## [What this task involves]
Your task is to reproduce exactly the lines that run from the beginning of the data through the line where "করোনাকালে আরেকটি সফর" appears.
═════ Dataset section ═════
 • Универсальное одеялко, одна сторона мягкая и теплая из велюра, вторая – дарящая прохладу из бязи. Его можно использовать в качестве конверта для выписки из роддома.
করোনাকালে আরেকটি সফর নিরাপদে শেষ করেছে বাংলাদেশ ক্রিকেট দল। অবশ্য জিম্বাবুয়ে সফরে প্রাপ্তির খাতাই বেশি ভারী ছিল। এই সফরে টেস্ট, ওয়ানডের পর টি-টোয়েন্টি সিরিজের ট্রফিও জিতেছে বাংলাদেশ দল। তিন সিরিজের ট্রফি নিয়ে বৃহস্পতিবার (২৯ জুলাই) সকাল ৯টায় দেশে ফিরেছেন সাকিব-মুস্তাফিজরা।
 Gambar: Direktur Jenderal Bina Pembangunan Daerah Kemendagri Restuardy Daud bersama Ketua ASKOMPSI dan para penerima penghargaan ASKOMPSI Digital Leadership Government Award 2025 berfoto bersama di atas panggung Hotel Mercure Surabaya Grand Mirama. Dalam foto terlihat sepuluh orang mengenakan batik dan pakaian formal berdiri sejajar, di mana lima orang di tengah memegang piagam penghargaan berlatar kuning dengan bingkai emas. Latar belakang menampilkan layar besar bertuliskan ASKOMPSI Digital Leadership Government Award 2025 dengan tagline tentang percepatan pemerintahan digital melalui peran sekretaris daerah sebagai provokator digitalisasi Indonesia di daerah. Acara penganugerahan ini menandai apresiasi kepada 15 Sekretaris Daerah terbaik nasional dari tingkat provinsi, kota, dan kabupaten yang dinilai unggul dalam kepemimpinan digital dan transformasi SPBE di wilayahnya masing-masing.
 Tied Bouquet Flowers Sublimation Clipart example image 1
═════
## [Solution to the problem]
 • Универсальное одеялко, одна сторона мягкая и теплая из велюра, вторая – дарящая прохладу из бязи. Его можно использовать в качестве конверта для выписки из роддома.
করোনাকালে আরেকটি সফর নিরাপদে শেষ করেছে বাংলাদেশ ক্রিকেট দল। অবশ্য জিম্বাবুয়ে সফরে প্রাপ্তির খাতাই বেশি ভারী ছিল। এই সফরে টেস্ট, ওয়ানডের পর টি-টোয়েন্টি সিরিজের ট্রফিও জিতেছে বাংলাদেশ দল। তিন সিরিজের ট্রফি নিয়ে বৃহস্পতিবার (২৯ জুলাই) সকাল ৯টায় দেশে ফিরেছেন সাকিব-মুস্তাফিজরা।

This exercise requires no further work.